● Your instructions
Each record below should be output verbatim, without pictures.

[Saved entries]
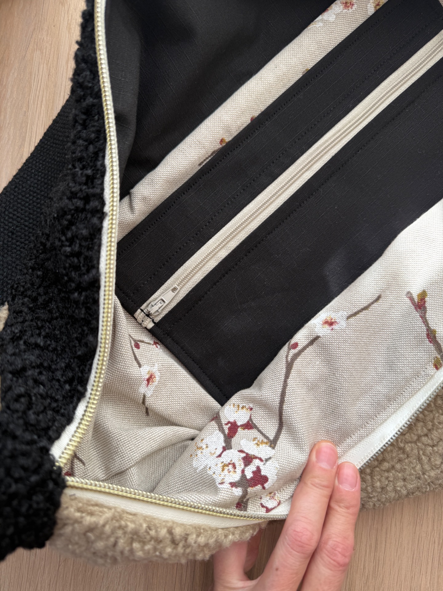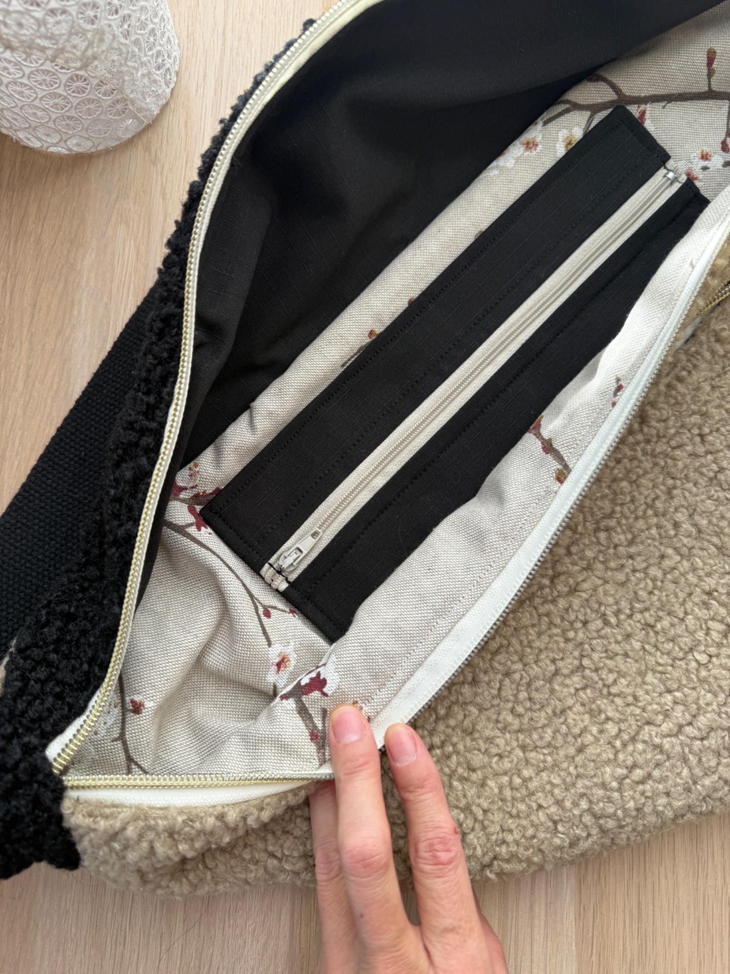La version banana que j'ai créé est un grand format, avec une poche à l'extérieure et une pochette à l'intérieure. Chaque pièce est unique, doublée d'un tissu combiné selon humeur du jour.
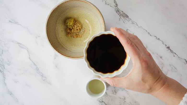 - In a small bowl, whisk together the soy sauce, vinegar, garlic, and ginger.
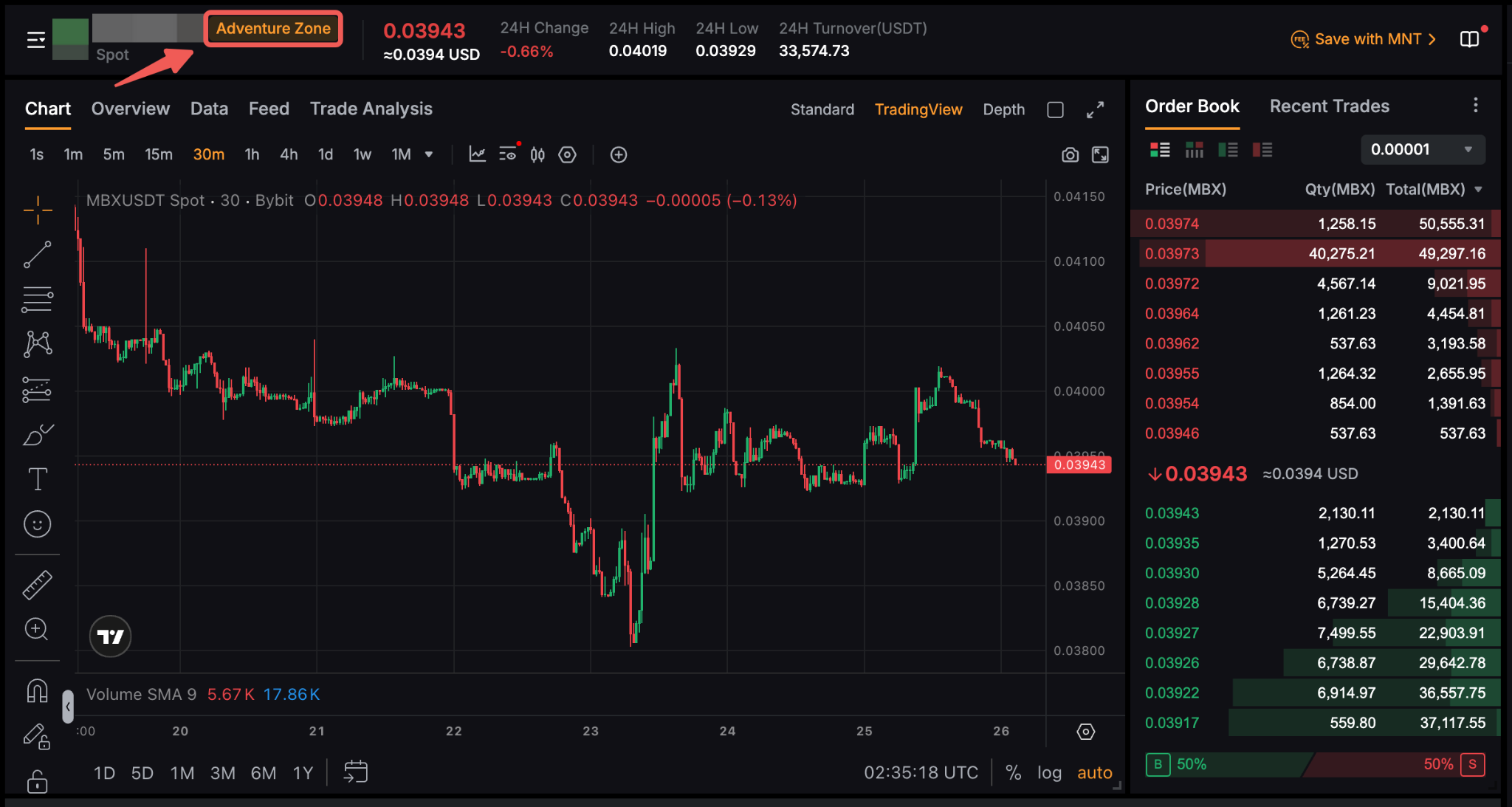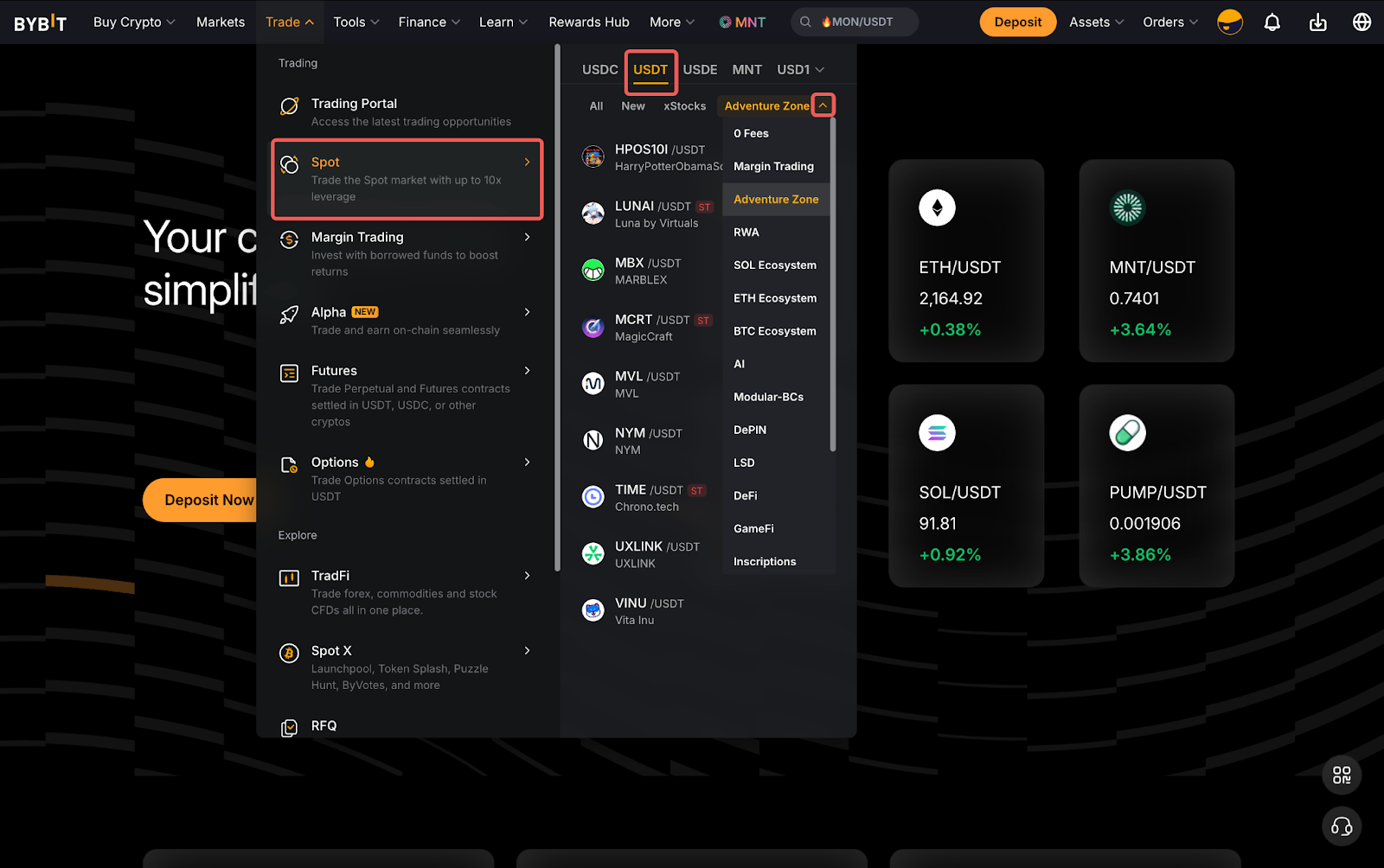若要訪問風險投資區及其交易對,只需點擊交易 → 現貨,並在 USDT 下方的下拉式選單中,選擇風險投資區。
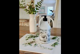 Estos días se me ocurrió transformar esta botellita de menor tamaño y una ilustración botánica divina, en dispenser para el jabón líquido del toilette. Me encanta como quedó ♡
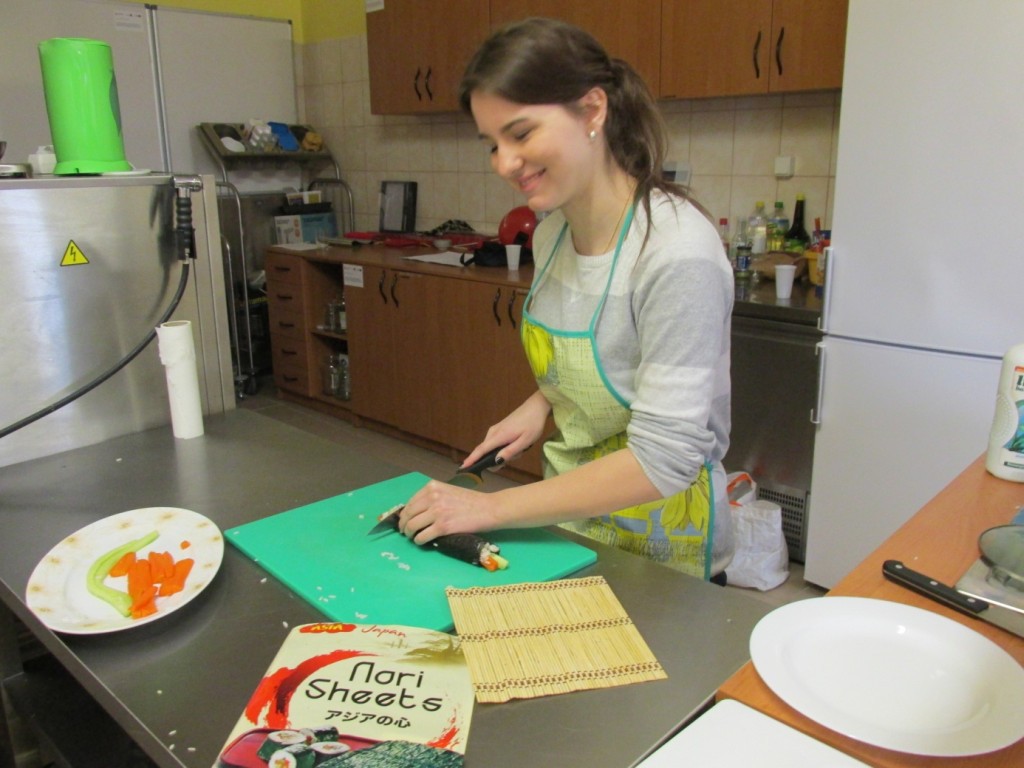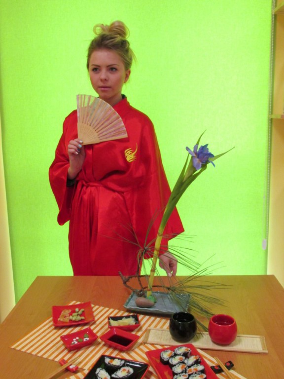Goście z gimnazjum będą mieli okazję poznać zasady obowiązujące w kuchni Japonii i samodzielnie przygotować sushi oraz zaparzyć prawidłowo herbatę po japońsku. Będzie okazja poznać technikę jedzenia pałeczkami. Poznamy podstawy kompozycji ikebany japońskiej sztuki układania kwiatów). Chętne osoby będą mogli zrobić sobie zdjęcie w oryginalnym japońskim kimonie. Chętni poznania sztuki barmańskiej będą mogli samodzielnie przygotować wybrany koktajl. Receptury są sprawdzone i potwierdzone przez VIP-ów, których częstowaliśmy podczas wizyt w naszej szkole.
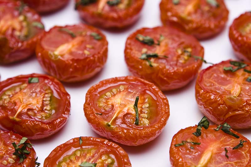 第一個是Saveur 網站上的 Oven-Roasted Plum Tomatoes. 我是去Costco買像高爾夫球大小的番茄, 因為一來找不到Plum Tomatoes, 二來這道菜要烤三小時, 最後番茄會縮水, 所以用高爾夫球大小的番茄應該剛好, 我想如果經費夠, 改用Dry Farm Tomatoes的滋味還會更棒. 這道小菜可以單吃, 也可以放在切片的法國麵包上吃, 耐心等待慢烤三小時是很值得的, 因為滋味簡單美味, 會一口接一口, 即使隔天加熱再吃, 也許樣子沒有剛出爐的漂亮, 但是味道依舊.
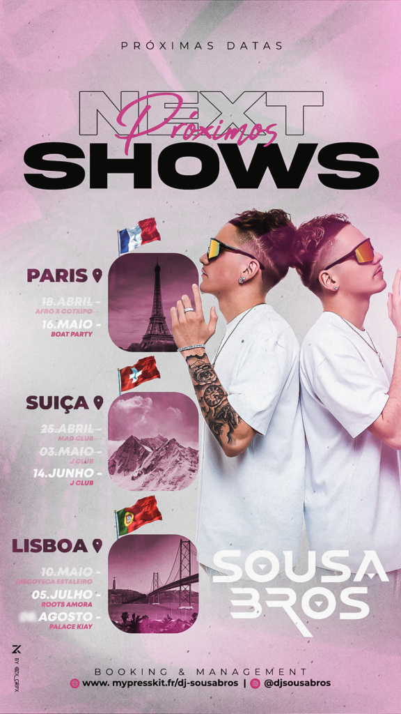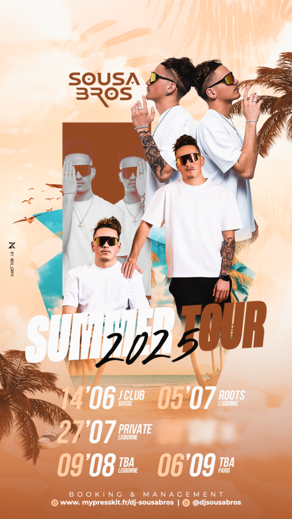 Desde 2024, a ZK Graphics colabora com os Sousabros, um duo de DJs irmãos em início de carreira que escolheram o nosso estúdio para desenvolver a sua imagem e identidade visual. Acompanhamos o crescimento do projeto através da criação de conteúdos para redes sociais, capas musicais e do desenvolvimento do presskit digital, ajudando a construir uma presença visual forte e profissional desde o início. Apesar de ser uma colaboração recente, os conteúdos criados já contribuíram para dar maior visibilidade ao cliente e destaque no mundo da noite.
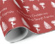 Christmas wrapping paper NZ Kiwi Christmas theme. On a Christmas dark crimson red colour are a NZ fern frond and the pohutukawa flower alternating. The pohutukawa flower is recognised throughout Aotearoa NZ and the oohutukawa tree is commonly called the New Zealand Christmas Tree as it's red flowers bloom in summer around Christmas time in December. There is custom text for you to amend and add your own. It has the seasons greeting of Merry Christmas, which could be amended to Happy Holidays or Meri Kirihimete (NZ Māori langauge Xmas greeting) as well as space to further personalise wrapping paper by adding your own custom text, such as in this instance a family name.
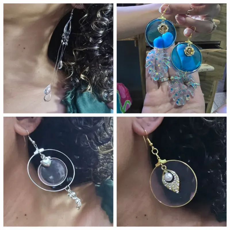 Aretes de diferentes diseños confeccionados con resina epóxica.
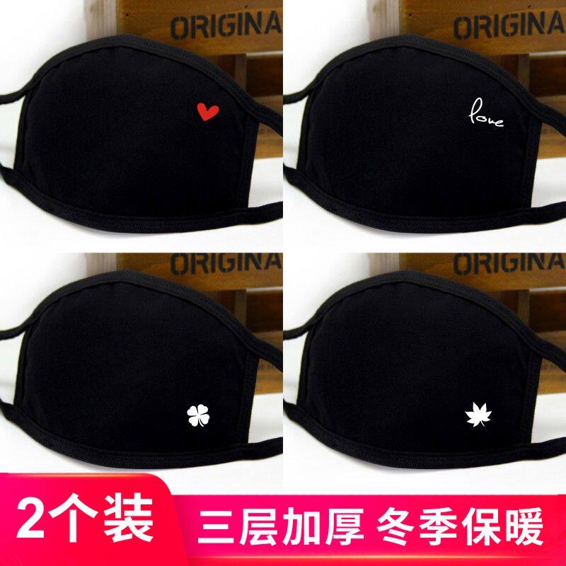 love口罩冬季保暖男女情侣黑色抖音网红加厚防寒防风防尘骑行纯棉
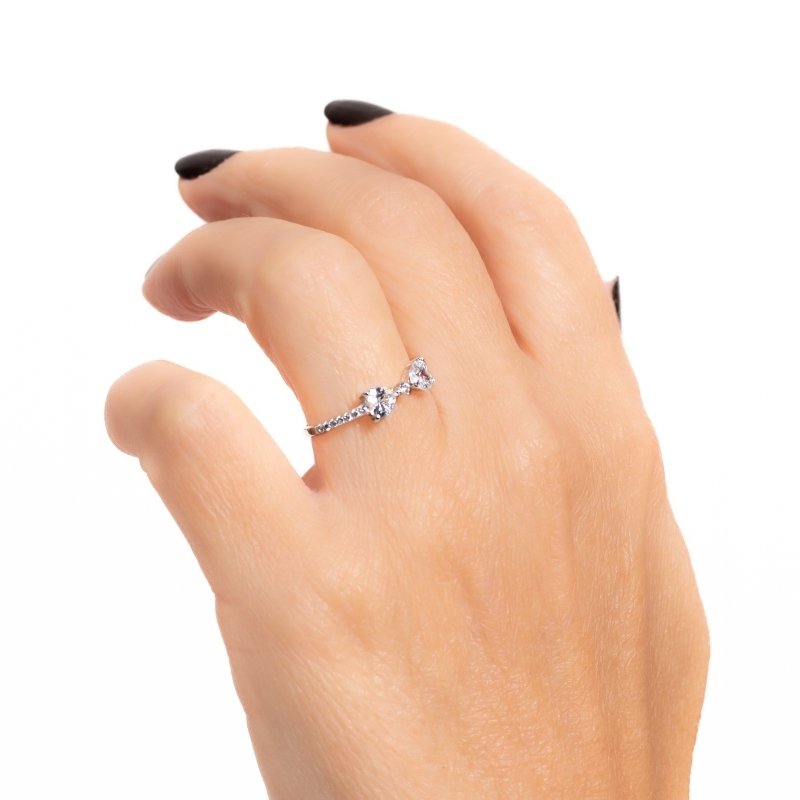 \"Anel com dois corações em zircônias, banhado em prata 925, uma peça delicada e cheia de charme.\"Peças em PRATA 925.
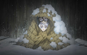 幼き日の妓夫太郎と梅をテーマにしたデザートです。求肥と粉糖を降り積もる雪に見立て、その中には妓夫太郎と梅を表現した白玉とチーズのクリームを包みました。

● Final answer
La version banana que j'ai créé est un grand format, avec une poche à l'extérieure et une pochette à l'intérieure. Chaque pièce est unique, doublée d'un tissu combiné selon humeur du jour.
 - In a small bowl, whisk together the soy sauce, vinegar, garlic, and ginger.
若要訪問風險投資區及其交易對,只需點擊交易 → 現貨,並在 USDT 下方的下拉式選單中,選擇風險投資區。
 Estos días se me ocurrió transformar esta botellita de menor tamaño y una ilustración botánica divina, en dispenser para el jabón líquido del toilette. Me encanta como quedó ♡
Goście z gimnazjum będą mieli okazję poznać zasady obowiązujące w kuchni Japonii i samodzielnie przygotować sushi oraz zaparzyć prawidłowo herbatę po japońsku. Będzie okazja poznać technikę jedzenia pałeczkami. Poznamy podstawy kompozycji ikebany japońskiej sztuki układania kwiatów). Chętne osoby będą mogli zrobić sobie zdjęcie w oryginalnym japońskim kimonie. Chętni poznania sztuki barmańskiej będą mogli samodzielnie przygotować wybrany koktajl. Receptury są sprawdzone i potwierdzone przez VIP-ów, których częstowaliśmy podczas wizyt w naszej szkole.
 第一個是Saveur 網站上的 Oven-Roasted Plum Tomatoes. 我是去Costco買像高爾夫球大小的番茄, 因為一來找不到Plum Tomatoes, 二來這道菜要烤三小時, 最後番茄會縮水, 所以用高爾夫球大小的番茄應該剛好, 我想如果經費夠, 改用Dry Farm Tomatoes的滋味還會更棒. 這道小菜可以單吃, 也可以放在切片的法國麵包上吃, 耐心等待慢烤三小時是很值得的, 因為滋味簡單美味, 會一口接一口, 即使隔天加熱再吃, 也許樣子沒有剛出爐的漂亮, 但是味道依舊.
 Desde 2024, a ZK Graphics colabora com os Sousabros, um duo de DJs irmãos em início de carreira que escolheram o nosso estúdio para desenvolver a sua imagem e identidade visual. Acompanhamos o crescimento do projeto através da criação de conteúdos para redes sociais, capas musicais e do desenvolvimento do presskit digital, ajudando a construir uma presença visual forte e profissional desde o início. Apesar de ser uma colaboração recente, os conteúdos criados já contribuíram para dar maior visibilidade ao cliente e destaque no mundo da noite.
 Christmas wrapping paper NZ Kiwi Christmas theme. On a Christmas dark crimson red colour are a NZ fern frond and the pohutukawa flower alternating. The pohutukawa flower is recognised throughout Aotearoa NZ and the oohutukawa tree is commonly called the New Zealand Christmas Tree as it's red flowers bloom in summer around Christmas time in December. There is custom text for you to amend and add your own. It has the seasons greeting of Merry Christmas, which could be amended to Happy Holidays or Meri Kirihimete (NZ Māori langauge Xmas greeting) as well as space to further personalise wrapping paper by adding your own custom text, such as in this instance a family name.
 Aretes de diferentes diseños confeccionados con resina epóxica.
 love口罩冬季保暖男女情侣黑色抖音网红加厚防寒防风防尘骑行纯棉
 \"Anel com dois corações em zircônias, banhado em prata 925, uma peça delicada e cheia de charme.\"Peças em PRATA 925.
 幼き日の妓夫太郎と梅をテーマにしたデザートです。求肥と粉糖を降り積もる雪に見立て、その中には妓夫太郎と梅を表現した白玉とチーズのクリームを包みました。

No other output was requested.